• [To do]:
Transcribe word for word the section of the records below that opens with the line containing "Nếu để ý kỹ, bạn" and closes with the line containing "Denn unsere Arbeit"; drop every picture.

• [Exercise input]:
"""

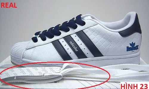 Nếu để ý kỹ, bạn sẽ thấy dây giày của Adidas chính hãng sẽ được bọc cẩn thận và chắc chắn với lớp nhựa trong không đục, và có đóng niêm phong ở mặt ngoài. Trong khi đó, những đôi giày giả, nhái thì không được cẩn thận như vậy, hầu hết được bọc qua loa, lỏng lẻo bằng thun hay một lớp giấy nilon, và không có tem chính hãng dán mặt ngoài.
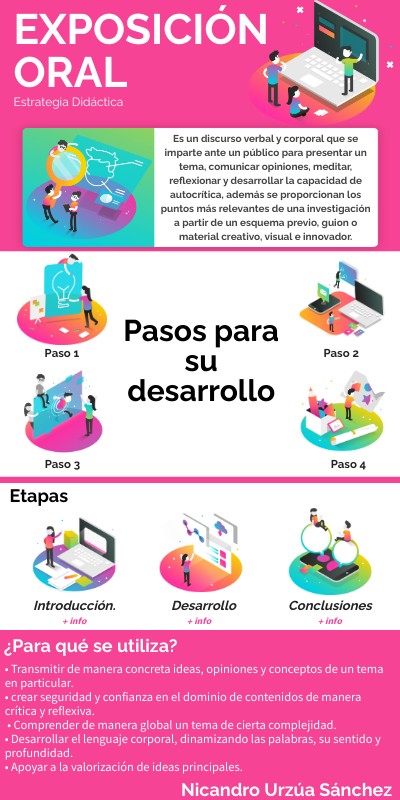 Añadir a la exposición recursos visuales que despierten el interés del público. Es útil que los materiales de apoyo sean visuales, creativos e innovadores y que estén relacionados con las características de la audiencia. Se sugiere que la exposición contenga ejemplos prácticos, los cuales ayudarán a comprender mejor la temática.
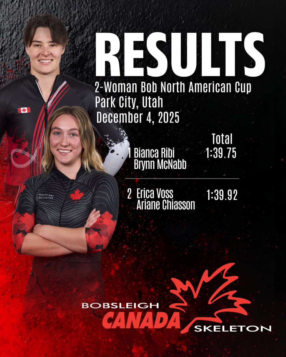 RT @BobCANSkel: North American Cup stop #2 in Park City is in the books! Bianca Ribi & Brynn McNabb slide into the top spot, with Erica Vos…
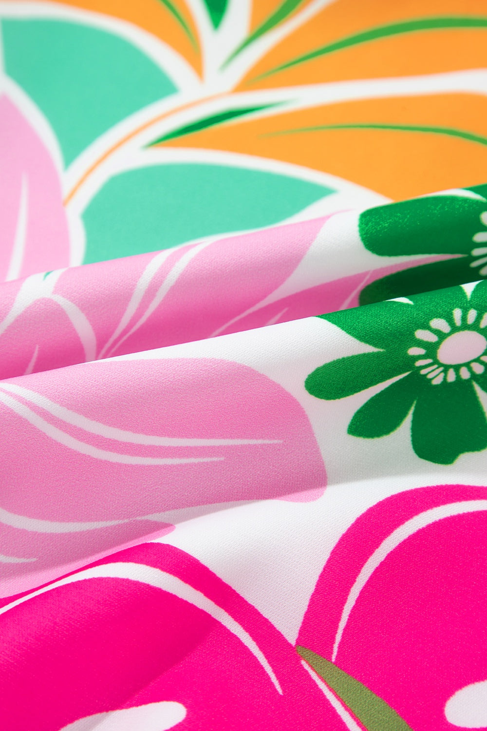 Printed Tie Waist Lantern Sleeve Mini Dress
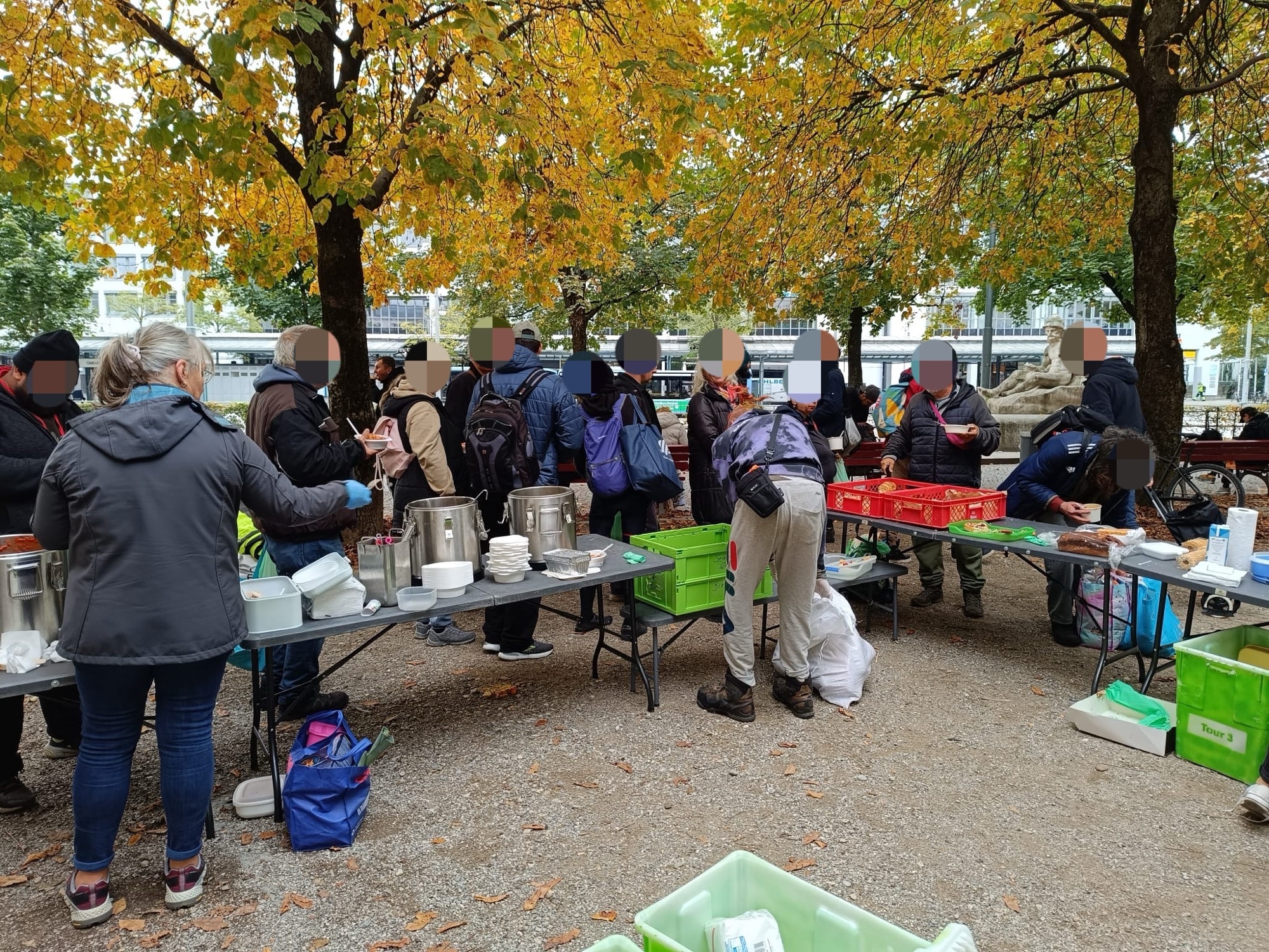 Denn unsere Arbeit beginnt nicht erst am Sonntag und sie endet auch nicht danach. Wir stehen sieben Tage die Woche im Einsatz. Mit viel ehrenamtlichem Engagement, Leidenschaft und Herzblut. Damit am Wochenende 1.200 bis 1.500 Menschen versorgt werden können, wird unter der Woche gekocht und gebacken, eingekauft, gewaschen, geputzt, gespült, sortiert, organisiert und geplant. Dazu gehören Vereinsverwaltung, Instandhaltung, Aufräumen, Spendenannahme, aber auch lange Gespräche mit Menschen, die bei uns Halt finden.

"""
"""

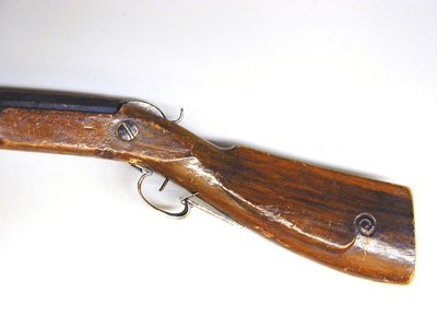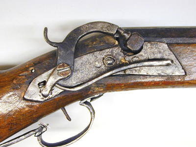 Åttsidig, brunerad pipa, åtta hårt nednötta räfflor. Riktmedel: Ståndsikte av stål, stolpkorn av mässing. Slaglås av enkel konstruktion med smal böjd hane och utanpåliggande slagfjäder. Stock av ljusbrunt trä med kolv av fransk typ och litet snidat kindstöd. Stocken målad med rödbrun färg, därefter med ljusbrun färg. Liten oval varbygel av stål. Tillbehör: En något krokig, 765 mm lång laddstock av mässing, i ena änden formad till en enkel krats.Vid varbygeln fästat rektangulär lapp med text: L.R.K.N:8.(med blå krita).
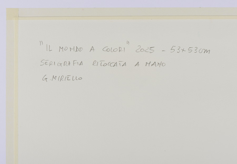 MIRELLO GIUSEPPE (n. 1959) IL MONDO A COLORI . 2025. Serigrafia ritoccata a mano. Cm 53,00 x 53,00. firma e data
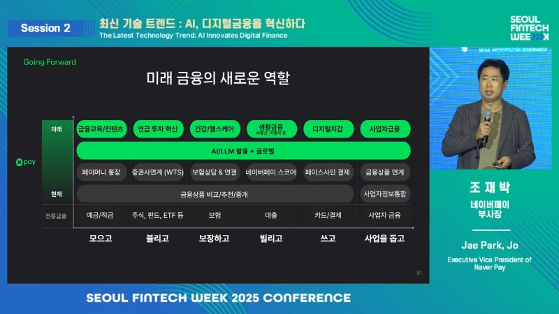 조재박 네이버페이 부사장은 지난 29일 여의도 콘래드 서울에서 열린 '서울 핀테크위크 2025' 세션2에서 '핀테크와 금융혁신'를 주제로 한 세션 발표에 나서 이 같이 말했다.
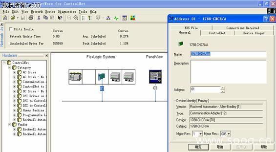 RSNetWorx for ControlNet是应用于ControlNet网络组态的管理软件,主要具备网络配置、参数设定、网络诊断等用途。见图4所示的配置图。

"""

• [Response]:
 Nếu để ý kỹ, bạn sẽ thấy dây giày của Adidas chính hãng sẽ được bọc cẩn thận và chắc chắn với lớp nhựa trong không đục, và có đóng niêm phong ở mặt ngoài. Trong khi đó, những đôi giày giả, nhái thì không được cẩn thận như vậy, hầu hết được bọc qua loa, lỏng lẻo bằng thun hay một lớp giấy nilon, và không có tem chính hãng dán mặt ngoài.
 Añadir a la exposición recursos visuales que despierten el interés del público. Es útil que los materiales de apoyo sean visuales, creativos e innovadores y que estén relacionados con las características de la audiencia. Se sugiere que la exposición contenga ejemplos prácticos, los cuales ayudarán a comprender mejor la temática.
 RT @BobCANSkel: North American Cup stop #2 in Park City is in the books! Bianca Ribi & Brynn McNabb slide into the top spot, with Erica Vos…
 Printed Tie Waist Lantern Sleeve Mini Dress
 Denn unsere Arbeit beginnt nicht erst am Sonntag und sie endet auch nicht danach. Wir stehen sieben Tage die Woche im Einsatz. Mit viel ehrenamtlichem Engagement, Leidenschaft und Herzblut. Damit am Wochenende 1.200 bis 1.500 Menschen versorgt werden können, wird unter der Woche gekocht und gebacken, eingekauft, gewaschen, geputzt, gespült, sortiert, organisiert und geplant. Dazu gehören Vereinsverwaltung, Instandhaltung, Aufräumen, Spendenannahme, aber auch lange Gespräche mit Menschen, die bei uns Halt finden.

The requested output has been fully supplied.